Give back exactly the lines that start at the one containing "Një fenomen tjetër" and run to the end of the material, leaving out the pictures.

▸ SUPPLIED INFORMATION:

——

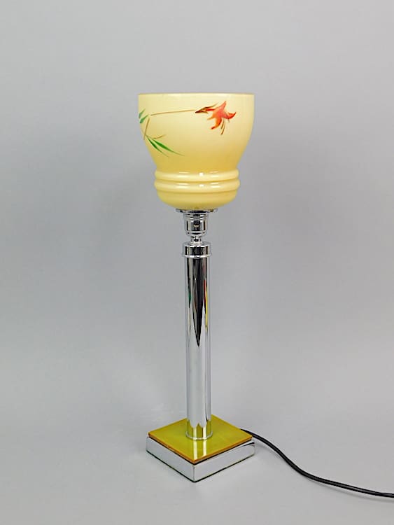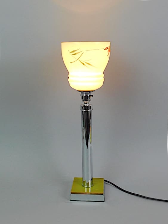 English art deco chrome and green phenolic table lamp with Czechoslovakian hand painted floral shade.
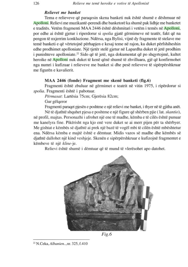 Një fenomen tjetër që dëshmojnë dokumentet është përdorimi i objekteve arkeologjike si spolia (material ndërtimi i ripërdorur). Fragmenti i skenës së banketit (Fig. 6, MAA 2446), i gjetur në teatrin e Apollonisë, ishte ripërdorur si thjesht një gur ndërtimi. Kjo tregon një shkëputje brutale mes vlerës fillestare sakrale të objektit dhe trajtimit të tij të mëvonshëm.
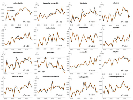 All received models contained at least two explanatory variables. The obtained models were very well fitted to the empirical data (Figure 2 and Table 4). The adjusted determination coefficients had values from 0.80 to 0.96, which means that the models explained at least 80% of the changes in the surplus of straw by voivodeships in the examined period.

——

▸ OUTPUT OF THE TASK:
 Një fenomen tjetër që dëshmojnë dokumentet është përdorimi i objekteve arkeologjike si spolia (material ndërtimi i ripërdorur). Fragmenti i skenës së banketit (Fig. 6, MAA 2446), i gjetur në teatrin e Apollonisë, ishte ripërdorur si thjesht një gur ndërtimi. Kjo tregon një shkëputje brutale mes vlerës fillestare sakrale të objektit dhe trajtimit të tij të mëvonshëm.
 All received models contained at least two explanatory variables. The obtained models were very well fitted to the empirical data (Figure 2 and Table 4). The adjusted determination coefficients had values from 0.80 to 0.96, which means that the models explained at least 80% of the changes in the surplus of straw by voivodeships in the examined period.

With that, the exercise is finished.